The most common cause of heart failure is indeed coronary artery disease (CAD), but there are many other causes for heart failure.
The function of the heart is to pump. A pump moves fluid out of one place and into another. For example, the right side of the heart pumps blood from the veins into the lungs. The left side of the heart pumps blood from the lungs out through the arteries to the rest of the body. Blood goes out when the heart muscle contracts (called systole) and comes in when the heart muscle relaxes (called diastole).
Heart functioning capacity, termed EF for ejection fraction has a normal range of 55 to 65%. An EF< 50% is decreased, and < 30% is generally considered severe.
Heart failure develops when the pumping action of the heart is inadequate, typically because the heart muscle is weaker, stiffer, or both. As a result, blood may not flow out in adequate amounts. Blood may also build up in the tissues from which it is coming, causing congestion in those tissues.
Accumulation of blood coming into the left side of the heart causes congestion in the lungs, making breathing difficult. This is called congestive heart failure.
Accumulation of blood coming into the right side of the heart causes congestion and fluid accumulation in other parts of the body, such as the legs and the liver.
In heart failure, your heart may not pump enough blood to meet the body’s need for oxygen and nutrients, which are supplied by the blood. As a result, arm and leg muscles may tire more quickly, and the kidneys may not function normally.
Heart failure has two main forms: systolic dysfunction and diastolic dysfunction. Some people with heart failure have both.

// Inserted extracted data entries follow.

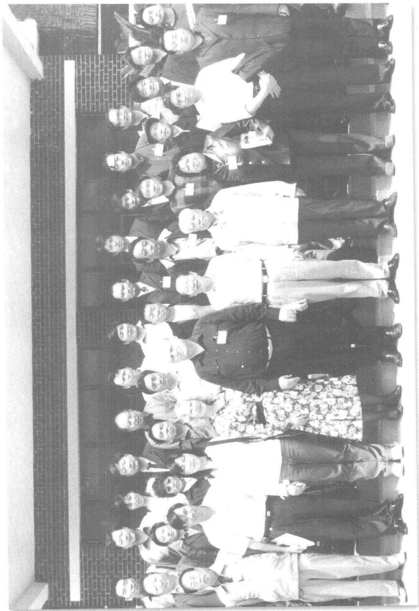
中国近代史国际学术讨论会与参会人员合影（2005年5月）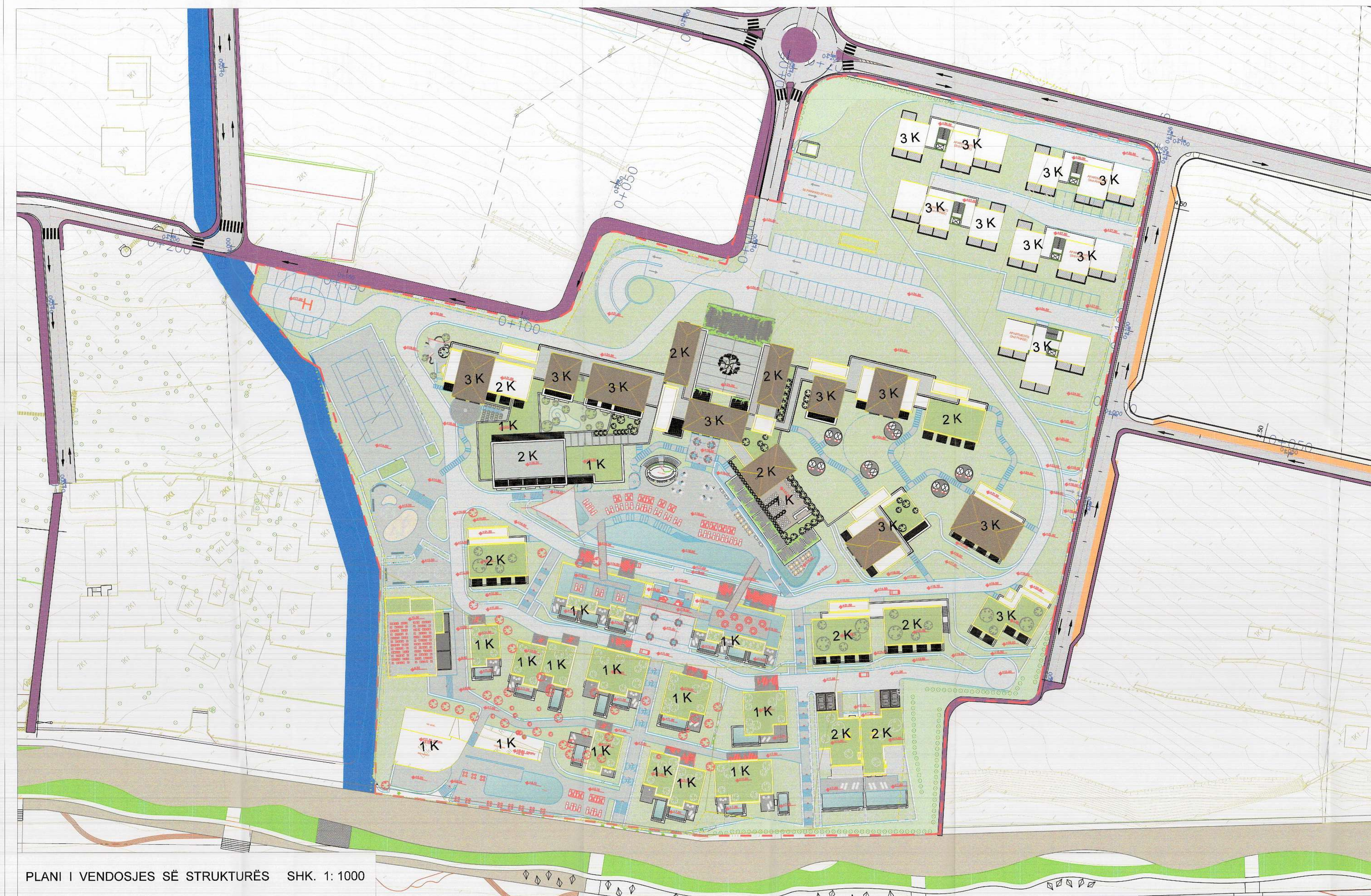
PLANI I VENDOSJES SË STRUKTURËS SHK. 1: 1000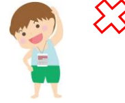
会員「のみ」のラジオ体操等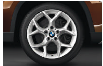
Lichtmetalen BMW wielen in Y-spaak styling 322 , bredere banden achter; voor 8 J x 18 inch en bandenmaat 225/45 R 18, achter 9 J x 18 inch en bandenmaat 255/40 R 18. Banden met noodloopeigenschappen.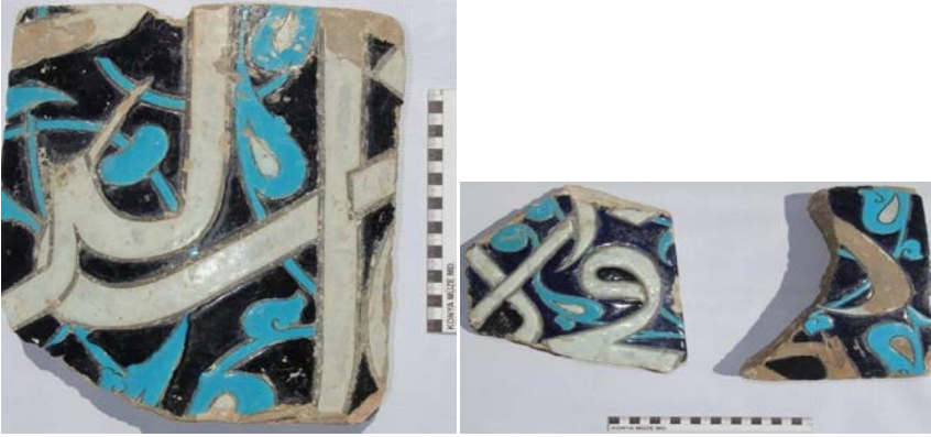
Fotođraf 10-11: Karatay Müzesi'nde bulunan Kubbe-i Hadra'nın İznik'te yapılmış olan türbe çinileri.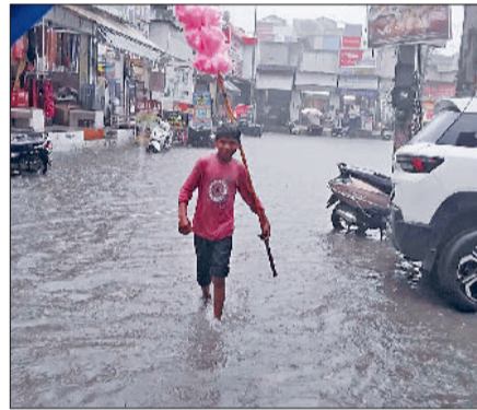
झज्जर। बरसात के दौरान हुए जलभराव के बीच गुजरते हुए राहगीर।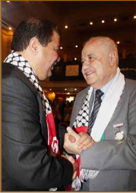
... ومع وزير الإستثمار التونسي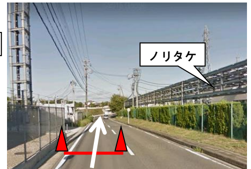
⑥ 第6走者通過地点 (駅伝スタートから95分以内に通過)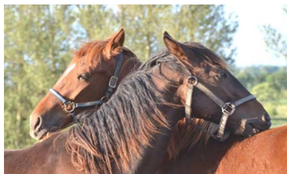
Фото 4: Взаємний догляд - пріоритена потреба щоб обмінюватися ароматом

Коні спілкуються за допомогою органів зору, звуку, нюху, постави та дотику. Наприклад, коні можуть виявляти блискавичну реакцію, досліджуючи запахи та смаки, що викликають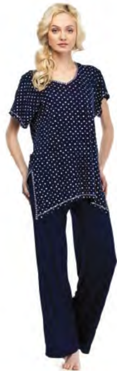
Комплект женский модель 3554 шкала размеров: 100-116 состав: вискоза 100%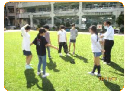
理科: 雲と天気 雲の割合を調べています。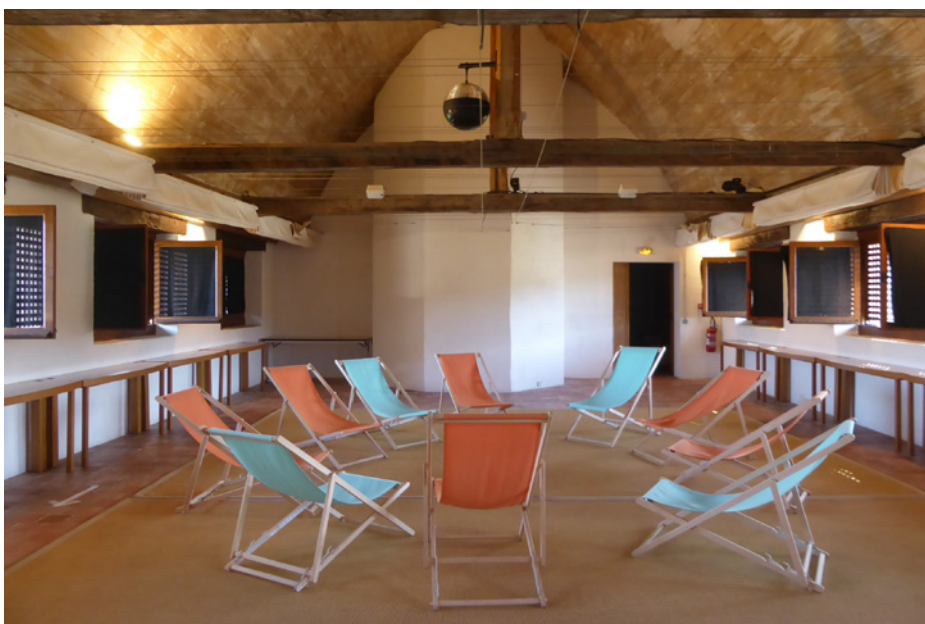
▲ Au dernier étage des transats colorés invitent à la contemplation de la voûte boisée.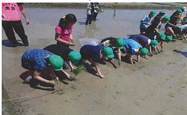
② 田植え (5月実施・4, 5年生対象)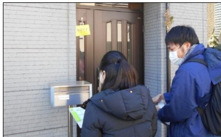
避難行動要支援者宅の安否確認の様子（イメージ）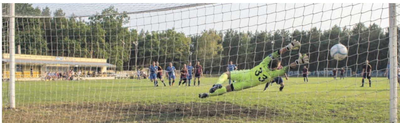
Bramkarz Stali nie poradził sobie z rzutem karnym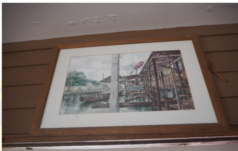
ภาพที่ 4 - 1 ลักษณะที่ตั้งของชุมชนตลาดโบราณบางพลีในอดีต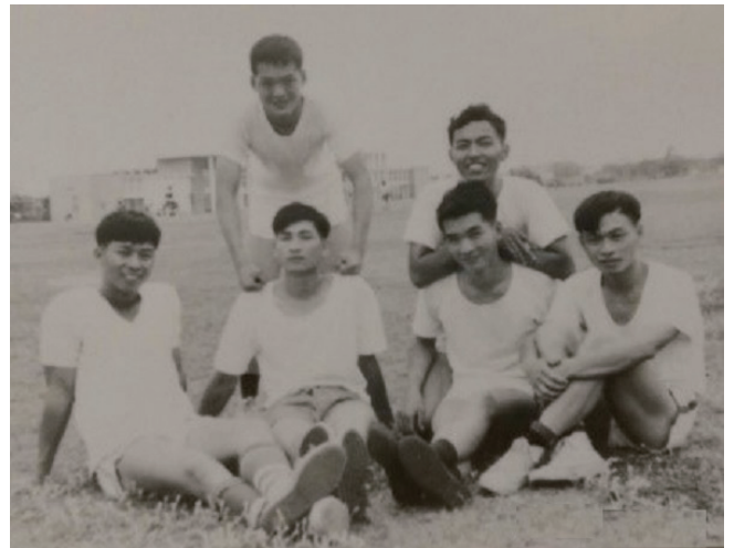
上體育課和同學踢完足球休息

果芸赴美就任後，想拜訪美國國防部爭取軍售，但因中共阻撓，不得其門而入。但果芸並不氣餒，改採和美國軍品公司合作，由他們提供各種武器系統、零組件等資料，然後由我方自行研發生產。陸軍的M48-5H戰車、空軍的IDF戰機、海軍的PFG-II巡防艦等，就是他們努力的成果。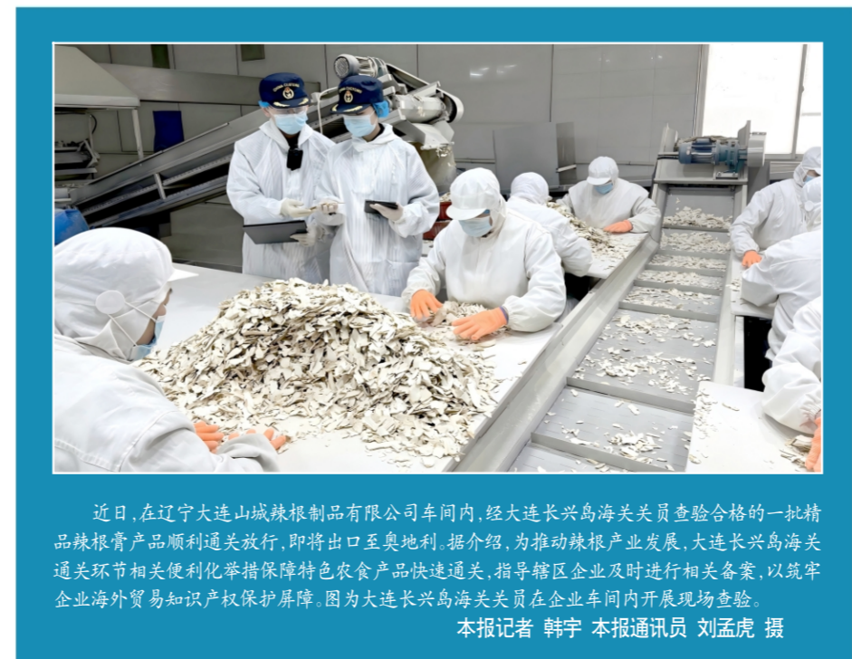
近日,在辽宁大连山城辣制品有限公司车间内,经大连长兴岛海关关员查验合格的一批辣味辣酱产品顺利通关放行,即将出口至奥地利。据介绍,为推动辣酱产业发展,大连长兴岛海关通关环节和便利化举措保障特色农产品快速通关,指导辖区企业及时进行相关备案,以筑牢企业海外贸易知识产权保障屏障。图为大连长兴岛海关关员在企业车间内开展现场检查。

据悉,下一步,市场监管总局将加快建设质量基础设施公共服务平台,推动质量基础设施服务从“一站式”向“一体化”升级,推动构建质量管理协同、质量资源共享、技术优势互补的良好产业生态。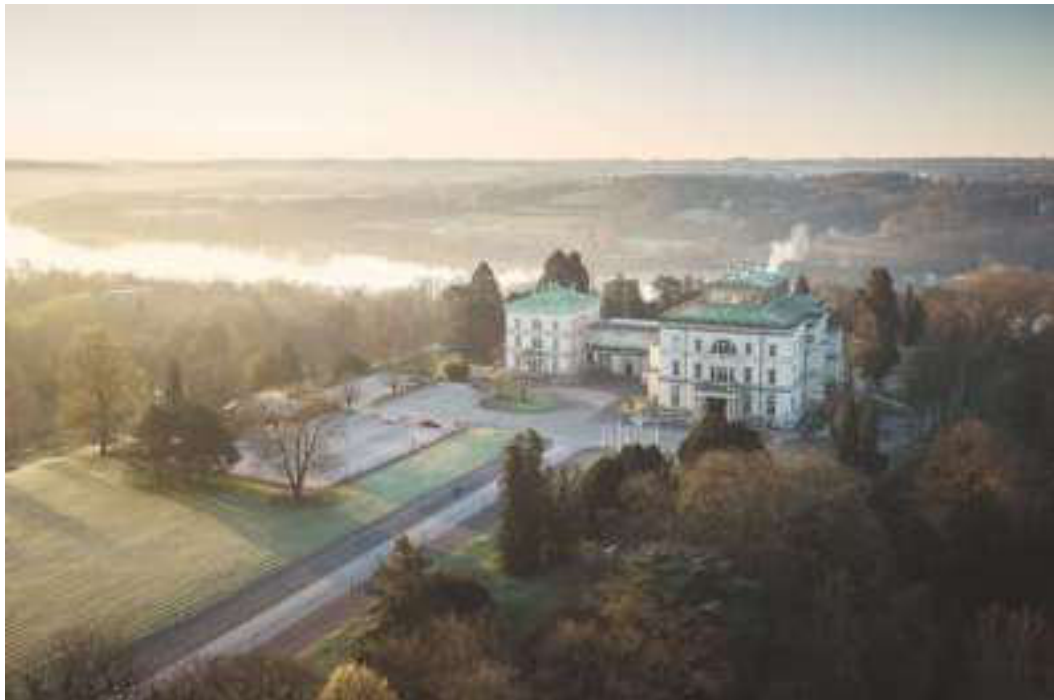
1. Ausflugsziel am 5.Mai: Villa Hügel & Baldeneysee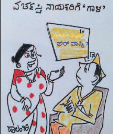
ನೀವು ವರ್ತಮಾನ ನಾಯಕರು ಹೌದಾ ಅಂತ ಈ ಬಾರಿ ತಿಳಿಯುತ್ತೆ. ಗಾಳ ಕಾಣಿಸಿದ್ರೆ ಹೌದು. ಇಲ್ಲ ಅಂದ್ರೆ ಇಲ್ಲ!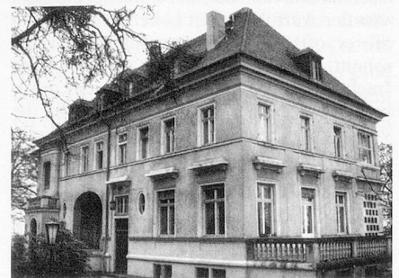
Dresdner Zentrum für zeitgenössische Musik

Selbstgemachte Jubiläumsgaben wie diese Festschrift zum zehnjährigen Bestehen des Dresdner Zentrums für zeitgenössische Musik haben primär musikpolitische Funktion: Man will der Öffentlichkeit – und speziell den Geldgebern – beweisen, was man geleistet hat, die Unerlässlichkeit eigenen Tuns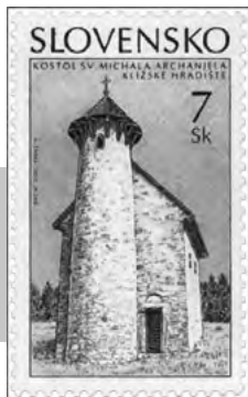
Obr. 11 a,b. Kostol sv. Michala, Klížske Hradište. Známk a pečiatka ku dňu vydania. Číslo emisie 277. Dátum vydania 15.11.2002. Nomin. hodnota: 7,00 Sk. Rozmery známky: 23 x 40 mm. Technika tlače: ocelotlač z plochých platní. Náklad: 300 000

Bošan patrí Ján Chryzostom Korec (Obr. 10). K 100. výročiu jeho narodenia Slovenská pošta vydala známku emisioného čísla 810, ktorá bola slávnostne uvedená v Bošanov 12.1.2023. J. CH. Korec vstúpil v roku 1939 do rehole jezuitov. Po likvidácii reholi a kláštorov (1950) bol internovaný a donútený odísť do civilného života. V roku 1960 bol zaistený a odsúdený ako vlastizradca na 12 rokov väzenia. V zahraničí bol známym ako „biskup v montérkach“. Zmena spoločenského systému v r. 1989 ovplyvnila a jeho život. Pápežom Jánom Pavlom II. bol 6. 2. 1990 menovaný za nitrianskeho sídelného biskupa a nitriansku diecézu spravoval do 16. 7. 2005. Dňa 28. 6. 1991 ho pápež Ján Pavol II. ustanovil za kardinála. Jeho vedecká, publikačná činnosť, osobná statočnosť, neochvejná obrana dôstojnosti človeka, slobody a identity slovenského národa, bola ocenená viacerými čestnými doktorátmi a štátnymi vyznamenaniami. Zomrel v Nitre 24. 10. 2015. Pochovaný je v Katedrále – Bazilike sv. Emeráma na nitrianskom hrade.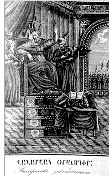
ընկնվել են համաքաղաքային դատարաններում:

նեցել են խայտաբղետ բնակչություն (հատկապես մեծ է եղել հրեաների թիվը): Զաղաքային բնակչության էթնիկական - կրոնական տարբեր խմբերն ապրել են առանձին համայնքներով՝ քաղաքի առանձին թաղամասերում, որոնք ունեցել են իրենց ներքին վարչական մարմինները, դատարանները եւ մշակութային, կրոնական հիմնարկները: Քրեական ծանր հանցագործությունները եւ տարբեր համայնքների անդամների միջեւ առաջացած դատական գործե-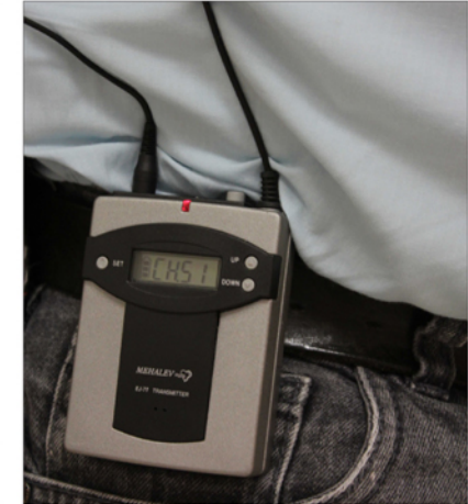
▲ לשים את המסדר בחגורה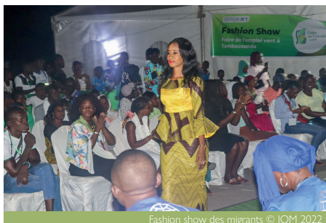
Fashion show des migrants

Pour la partie divertissement la foire, l'équipe a créé l'adéquation utile et agréable pour une belle cohésion sociale entre différents acteurs.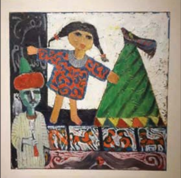
لم يكتفِ القاضي بالتنامغات التي تمنح البصر بل وصل إلى مستويات رمزية بيئية

يبرز في أعمال المعرض، كما المعارض السابقة، اهتمامه بالمكان، وهو ما يفسره قائلاً: «لقيمته الجمالية والروحية؛ خصوصاً الأحياء القديمة التي سجلنا ذكرياتنا على جدرانها، حملت شوارعها أصلامنا؛ ولذلك تسكننا، ونشم رائحة أيامنا في حواربها». ومن الأمثلة التي تحتل مساحة كبيرة في فنه الواحات، التي يقول عنها: «سافرت إليها، وارثشتفت من نبع الجمال الصافي البكر الموجود فيها، ورأيت الأفق الممتد الذي يحضن الكتبان الرملية المنقرقة، التي تبدو وكأنها عرائس تفتش البساط الذهبي». ويتابع: «ما زالت الواحات عالقة في ذاكرتي بامكانها المختلفة؛ حيث مقابر البجوات والمعادب والجمال والصخور والنخيل، ومناجم المياه المتدفقة، ومدينة (القصر) بتأثيرها الساحر لما تحمله من إحساس ميتافيزيقي فريد». ورغم أنه يبدأ رسوماته من أرضية واقعية تتضمن عناصر موجودة في البيئة المصرية، فإنه يأخذنا إلى واقع جديد ذي سحر خاص، عبر إعادة صياغة هذه العناصر من نيمات محلية وشعبية باستخدام فيض الخطوط والألوان، يقول: «إن الحضارة المصرية سعيد الحظ، لأنه ابن لإرث حضاري ممتد آلاف السنين من العصر البدائي، مروراً بالفراعوني، ووصولاً إلى الحضارة المعاصرة، بكل ما تشمله من قلق وسرعة مضطربة وتطور، فكل هذا يؤثر فيه، فيراه ويخزنه ويصهره في بوتقة إبداعه».

Normally, the heart stretches as it fills with blood (during diastole), then contracts to pump out the blood (during systole). The main pumping chambers in the heart are the ventricles.
The heart chambers always contain some blood, but different amounts of blood may enter or leave the chambers with each heartbeat as indicated by the thickness of the arrows.
In systolic dysfunction, the heart contracts less forcefully and cannot pump out as much of the blood that is returned to it as it normally does. As a result, more blood remains in the lower chambers of the heart (ventricles). Blood then accumulates in the lungs, veins, or both.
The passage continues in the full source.